SaaS platform for startups

When it comes to deal flow, many VC’s think that they can handle deals coming in from all different sources. However, we’re all human and with so much data to organise, our process can become messy. Unorganised VC’s find they’re missing out on huge deals if they don’t have a process in place for tracking down promising investment opportunities.

In this article on creating a smooth deal flow process, you’ll learn about some of the best processes for finding and evaluating potential investments, as well as tips for staying organized and prioritizing your options.

We’re going to be exploring deal flow in a nutshell, managing your sources of investment opportunities, screening deals and evaluating your deal flow efficiently to make better informed decisions.

What is deal flow?

Deal flow refers to the process of sourcing, screening, and selecting investment opportunities and can include finding investment ideas by talking with people in your network or by researching trends in the market that you think would yield profitable investments.

The Sources of deal flow

There are three primary sources of deal flow: the entrepreneur, business networks (both personal and professional), or referrals from other investors.

Entrepreneurs are often looking for funding when they have a product or service that is ready for launch but don't have the capital necessary for full-scale production.

Business networks can be helpful in sourcing deals if you know what you're looking for and have a well-developed network.

Finally, referrals from other investors can be a great source of deal flow if you know who to ask.

ScreenBox which creates one deal source for all of our clients.
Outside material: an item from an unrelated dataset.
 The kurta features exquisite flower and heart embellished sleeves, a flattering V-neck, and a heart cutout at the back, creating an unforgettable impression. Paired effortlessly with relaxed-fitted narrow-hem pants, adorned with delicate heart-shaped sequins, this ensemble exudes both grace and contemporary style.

Siphter will funnel the deal flow from all your deal sources to one place. You no longer have to manage the different sources through which you receive deal flow.

Screening deal flow

It's hard enough to keep up with the volume of deals that come across your desk. So how do you decide which ones are worth pursuing? You need a system for sifting through the noise. ScreenBox is designed for entrepreneurs who want to never miss a deal again. It takes all your deal sources and funnels them into one place.
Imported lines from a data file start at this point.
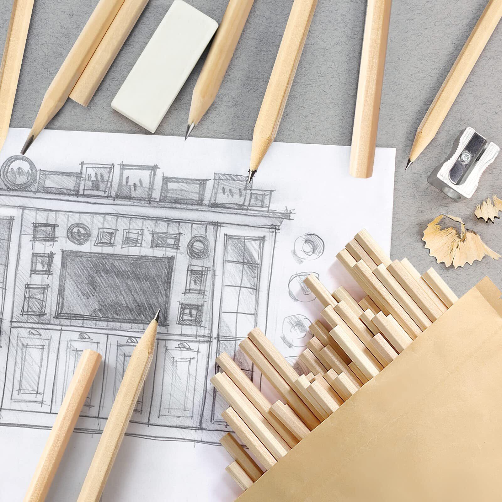 80本セット HB 鉛筆 かきかた wewink plus 原木 六角軸 スケッチ 受験用鉛筆 無地、入園、入学、メモ、試験用 ペンシル デッサンえんぴつ 文房具用品に(ロゴなし)
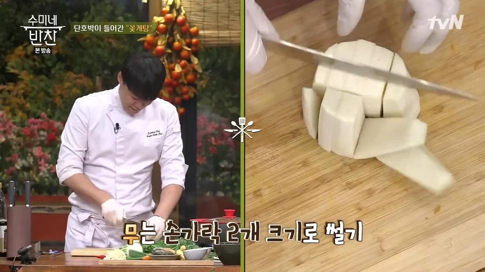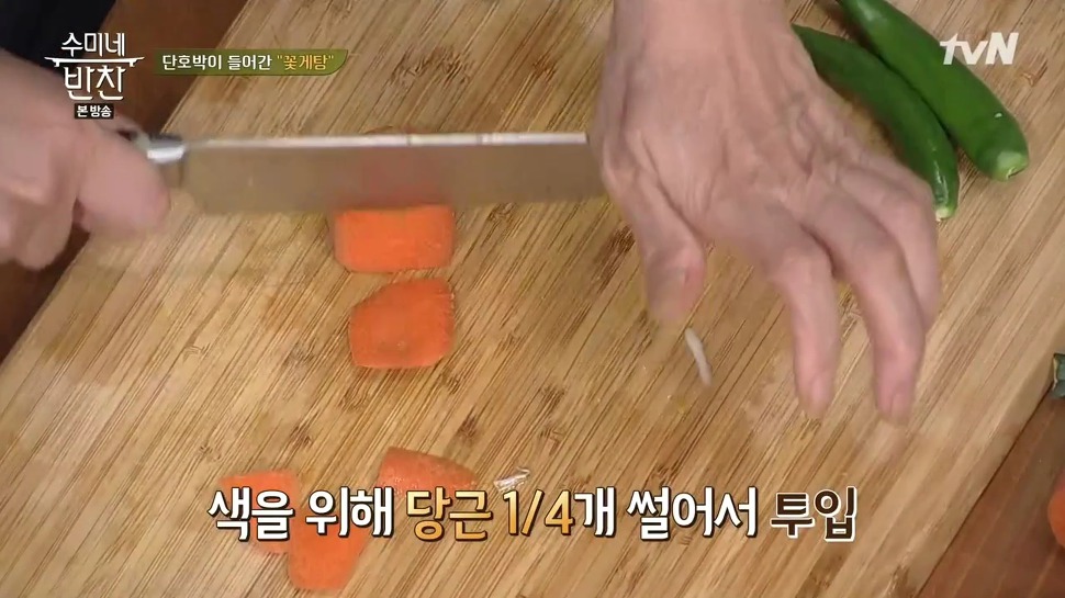 참고로 단호박은 전자레인지에 넣고 5분 정도 돌리거나, 뜨거운물에 3분 정도 미리 익히면 훨씬 쉽게 썰어져요. 또한 단호박 껍질은 듬성듬성 남아있도록 깎아야 나중에 익었을 때 보기 좋다고 하시네요.
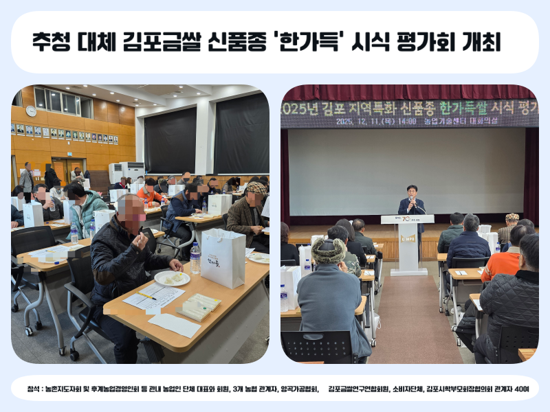 추청 대체 김포금쌀 신품종 ‘한가득’ 시식 평가회 개최​
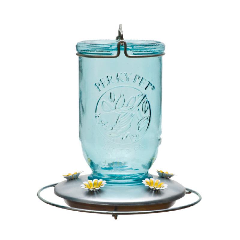 The blue antique glass mason jar shape of this feeder is attractive to both you and your backyard birds. The five feeding ports allow multiple hummingbirds to eat at one time. This feeder holds 32 ounces of nectar.
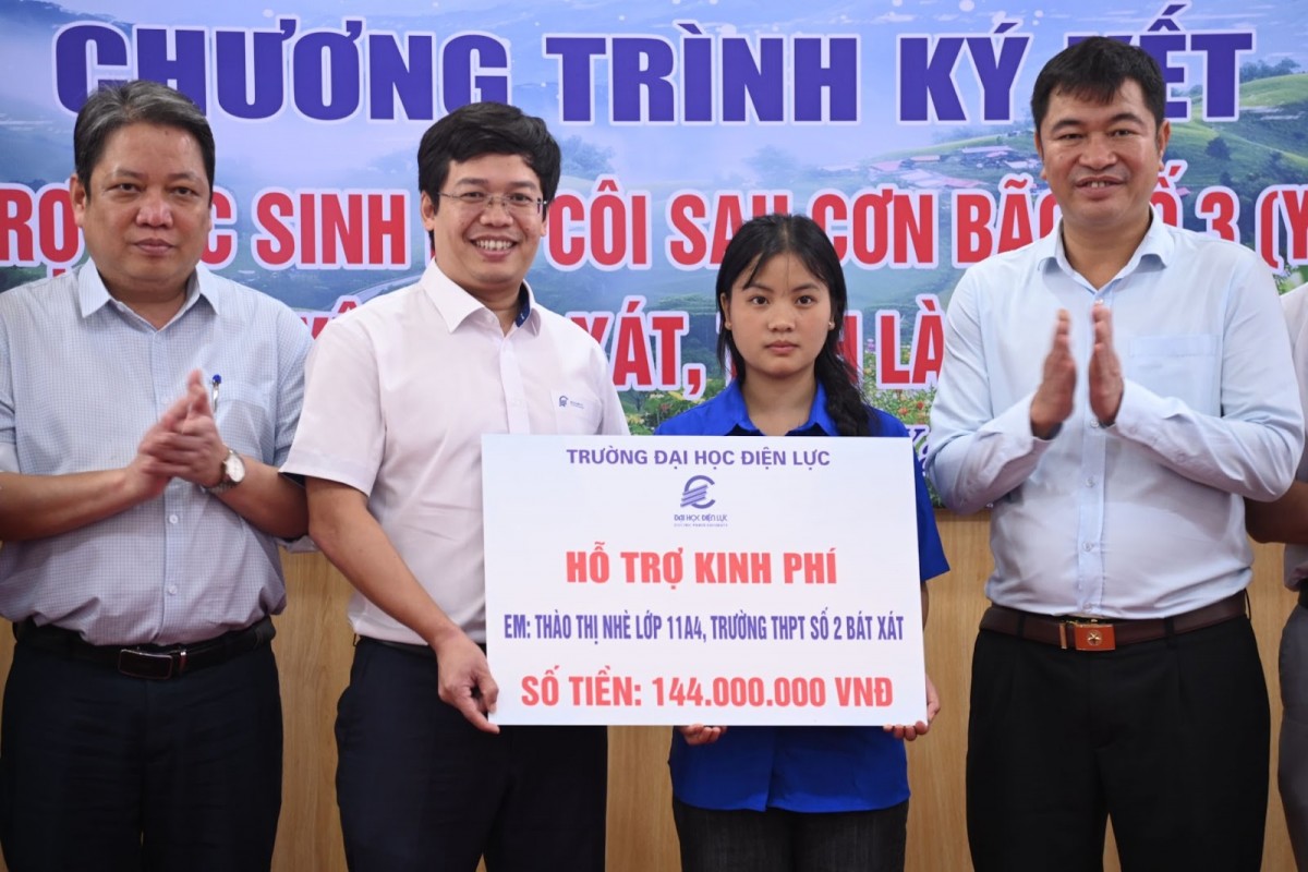 Trước đó, PGS.TS. Đinh Văn Châu - Hiệu trưởng Trường Đại học Điện lực cho biết, sau khi trao đổi, Đảng ủy, Hội đồng Trường, Ban Giám hiệu Trường Đại học Điện lực đã thống nhất trích quỹ phúc lợi của Nhà trường nhận nuôi em Thào Thị Nhè, học sinh lớp 11A4 Trường THPT số 2 Bát Xát, huyện Bát Xát, Lào Cai đến hết cấp 3. Sau khi tốt nghiệp PTTH, Trường tạo điều kiện xét tuyển và có chính sách phù hợp để em tiếp tục được học Đại học. Việc làm này nhằm bù đắp những mất mát cho em để đứng lên sau thảm họa lũ quét.
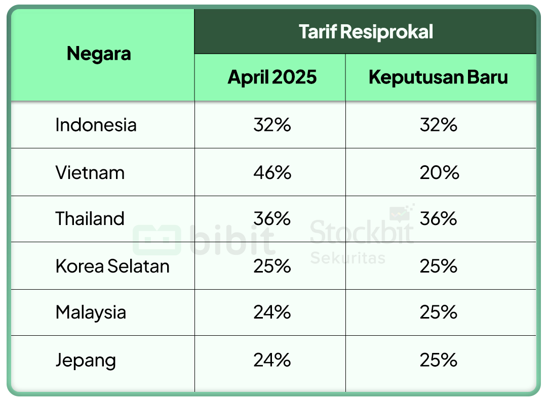Disclaimer: Tarif pada tabel mengacu pada keputusan 7 Juli 2025 (waktu AS) dan berlaku mulai 1 Agustus 2025. Masih dapat berubah sesuai hasil negosiasi. |

The ScreenBox will funnel, screen and manage your incoming deal flow and cut your analytics and manual tasks by 85%. Now you can focus on the deals that matter and add new deal sources.
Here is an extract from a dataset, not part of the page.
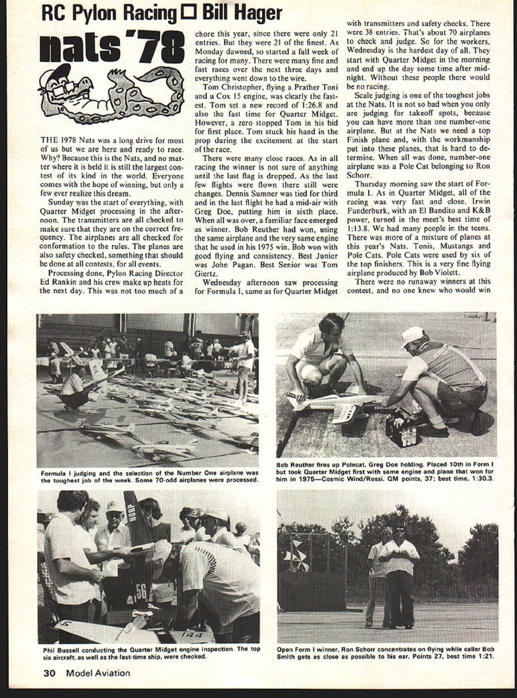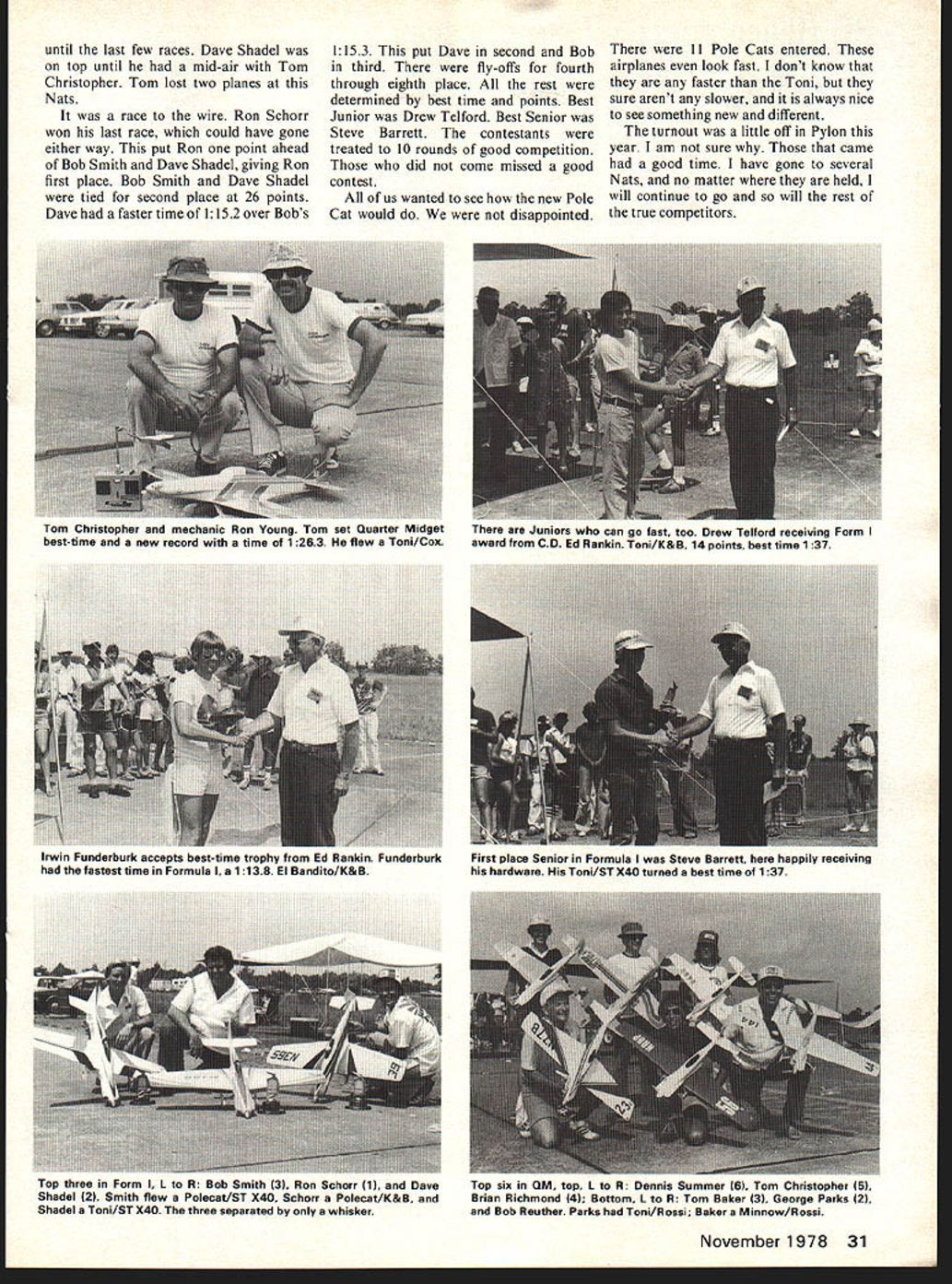 RC Pylon Racing IJ Bill Hager THE 1978 Nats long drive us ready race Because Nats no mat ter held still largest con test its kind world Everyone comes hope winning few ever realize dream Sunday start everything Quarter Midget processing after noon transmitters checked make sure correct fre quency airplanes checked conformation rules planes also safety checked something should done contests events Processing done Pylon Racing Director Ed Rankin crew make up heats next day too much chore year since 21 entries 21 finest As Monday dawned started full week racing fine fast races over next three days everything went down wire Tom Christopher flying Prather Toni Cox 15 engine clearly fast est Tom set new record 1268 also fast time Quarter Midget However zero stopped Tom bid first place Tom stuck hand prop during excitement start race close races As racing winner sure anything until last flag dropped As last few flights flown still changes Dennis Sumner tied third last flight mid-air Greg Doe putting him sixth place over familiar face emerged winner Bob Reuther won using same airplane very same engine used 1975 win Bob won good flying consistency Best Junior John Pagan Best Senior Tom Giertz Wednesday afternoon saw processing Formula same Quarter Midget transmitters safety checks 38 entries Thats about 70 airplanes check judge So workers Wednesday hardest day start Quarter Midget morning end up day some time after mid night Without people would no racing Scale judging toughest jobs Nats bad judging takeoff spots because can have number-one airplane Nats need top Finish plane workmanship put planes hard de termine done number-one airplane Pole Cat belonging Ron Schorr Thursday morning saw start mula As Quarter Midget racing very fast close Irwin Funderburk El Bandito K&B power turned meets best time 1138 people teens mixture planes years Nats Tonis Mustangs Pole Cats Pole Cats used six top finishers very fine flying airplane produced Bob Violett no runaway winners contest no knew would win 30 Model Aviation Formula judging selection Number airplanu WdS toughest job week Some 70-odd airplanes processed Bob Reuther fires up Polecat Greg Doe holding Placed 10th Form took Quarter Midget first same engine plane won him 1975Cosmic Wind/Rossi GM points 37 best time 1303 Phil Uusseii conducting tne uuarter Midget engine inspection ins top six aircraft well fast-time ship checked Open Form winner Ron Schorr concentrates flying caller Bob Smith gets close possible ear Points 27 best time 121 until last few races Dave Shadel top until mid-air Tom Christopher Tom lost two planes Nats race wire Ron Schorr won last race could have gone either way put Ron point ahead Bob Smith Dave Shadel giving Ron first place Bob Smith Dave Shadel tied second place 26 points Dave faster time 1152 over Bobs 1153 put Dave second Bob third fly-offs fourth through eighth place rest determined best time points Best Junior Drew Telford Best Senior Steve Barrett contestants treated 10 rounds good competition did come missed good contest us wanted see new Pole Cat would disappointed 11 Pole Cats entered airplanes look fast dont know faster Toni sure arent slower always nice see something new different turnout little off Pylon year am sure came good time have gone several Nats no matter held will continue go will rest true competitors November1978 31 iom InrIstopner ana mecnanic lion Young loin set uuarter iaget best-time new record time 1263 flew Toni/Cox lucre Juniors can go fast too Drew Telford receiving Form award CD Ed Rankin Toni/K&B 14 points best time 137 Irwin Funderburk accepts best-time trophy co liankin 1-unoerourK fastest time Formula 1138 El Bandito/K&B First place Senior Formula Steve Barrett happily receiving hia hardware Toni/ST X40 turned best time 137 Top three Form L R Bob Smith 3 Ron Schorr 11 Dave Shadel 2 Smith flew Polecat/ST X40 Schorr Polecat/K&B Shadel Toni/ST X40 three separated whisker Top six QM top L R Dennis Summer 6 Tom Cnristopher ioi Brian Richmond 4 Bottom R Tom Baker 3 George Parks 2 Bob Reuther Parks Toni/Rossi Baker Minnow/Rossi

Evaluating Investment Opportunities

When evaluating investment opportunities it's important to have a process in place. The first step is sourcing deals which we have covered above. The next step is screening deals. This can be done based on specific criteria you are looking for in an investment opportunity such as the size of the company or stage of development. Once you've narrowed down your potential investment opportunities you'll want to select one or more that seem promising.

As a VC, you know that having the right data in your CRM is essential in order to complete the process of sourcing, screening and selecting investment opportunities. There are four general categories of data points that can be stored in a CRM. These are 1) customer information data, 2) sales pipeline data, 3) deal flow data, 4) financials.

With ScreenBox, there will be no more time consuming manual input of detailed data. Your matching deal flow will automatically be transferred to your CRM or deal flow management software, using the Siphter API.

Try ScreenBox today to help save time when sourcing, screening and selecting investment opportunities. We estimate that you will save around 85% of your time analyzing your deal flow with us!